Я впервые вижу его после шестого класса. Мне время от времени попадались случайные фото с надписью и доходили слухи о том, что он вернулся повидаться с родными на Рождество. Но я никогда его не видела. А сейчас он здесь, слегка обрюзгший.
Я отнюдь не беспристрастна, но меня поражает, как некрасиво он постарел. Возможно, благодаря его прежнему статусу я сужу о нем слишком сурово. Прическа рок-звезды, по-прежнему длинные волосы, падающие на воротник. Но волосы поредели и выглядят сальными. Под глазами мешки, губы как-то неприятно кривятся. В юности он был худым, но с тех пор располнел. В школе он был суперзвездой, а сейчас выглядит как обыкновенный парень.
Однако кое-что изменилось: с ними та, кого я не заметила раньше. Он поворачивается, наклоняется и, подняв ее, перекидывает через плечо привычным жестом. Она хныкает. На ней полосатые шерстяные колготки и крошечный сарафан. Ей годика три. Он целует ее в щечку.
Ричард Харди – отец. У Ричарда Харди есть дочь.
Итак, чем я только что воспользовалась, чтобы избавиться от Робина? Словами. Мои слова меня спасли.
Я прикладываю к уху мобильник и звоню Девлину.
– Вы не возражаете против моего участия в последнем конкурсе «Поделись своим позором»? Несмотря на то что я уволилась?
Я выпускаю Джемми из клетки, чтобы он погулял, и сажусь за стол. Передо мной блокнот с листами формата А4.

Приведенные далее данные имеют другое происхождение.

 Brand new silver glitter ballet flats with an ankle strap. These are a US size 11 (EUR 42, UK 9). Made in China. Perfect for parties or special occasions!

– Только представь себе, – обращаюсь я к Джемми, пока он медленно, но упорно ползет в направлении раковины. – Если бы у нас была собственная квартира, мы могли бы вот так проводить время каждый день.
Карен уехала на выходные в Абердин повидать родителей, очень удачно выбрав время. Правда, я приветствую отъезд Карен в любое время. Я пишу сверху:
Мой худший день в школе
Это последняя тема конкурса «Поделись своим позором». Я еще не решила, буду ли в силах подняться на сцену и прочитать это, но знаю, что именно хочу сказать.

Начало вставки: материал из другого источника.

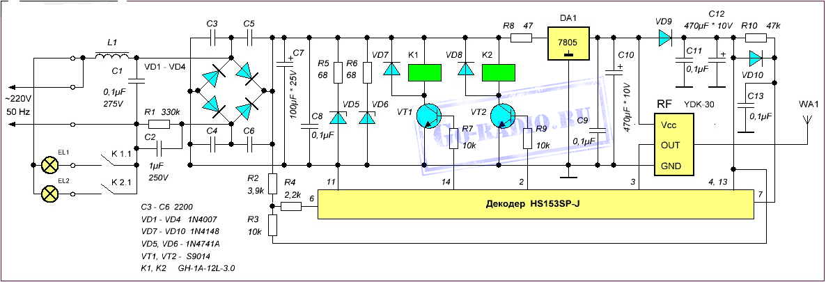 The YDK-30 module serves as a radio (RF) receiver. It converts the EMF induced in the antenna into a sequence of pulses with an amplitude sufficient to operate the decoder. The decoder is built on the HS153 chip. Upon receiving the command, the decoder turns the corresponding transistor key on or off. This key in turn controls an electromagnetic relay which gives voltage to the corresponding luminaire. The luminaires are built on LED or halogen bulbs with the appropriate driver or electronic control gear.

Я пишу, затем пытаюсь перефразировать первый вариант и в конце концов вычеркиваю все. Это так игриво, так полно стремления развлечь, так фальшиво. В тишине и покое кухни, под жужжание резервуаров с личинками по соседству я пытаюсь прогнать мысль, которая возникает каждый раз, как я смотрю на заголовок. Моя грудь бурно вздымается. Слезы текут по лицу и брызжут на бумагу, и я отодвигаю ее.
У меня за спиной хлопает дверь, и, прежде чем я успеваю взять себя в руки и скрыть тот факт, что плачу, Карен уже на кухне. У нее, как всегда, воинственный вид. Она опускает на пол рюкзак.
Пауза.
– Что с тобой такое?
Я пытаюсь заговорить, и мне приходится прикрыть рот рукой, чтобы не разрыдаться.
– У тебя какие-то новости? – спрашивает Карен.
Даже в своем нынешнем состоянии я замечаю, как ее злит то, что у меня может быть тяжелая утрата. Это помешало бы Карен наслаждаться ее собственной кухней.
Я мотаю головой, пытаясь совладать с голосовыми связками.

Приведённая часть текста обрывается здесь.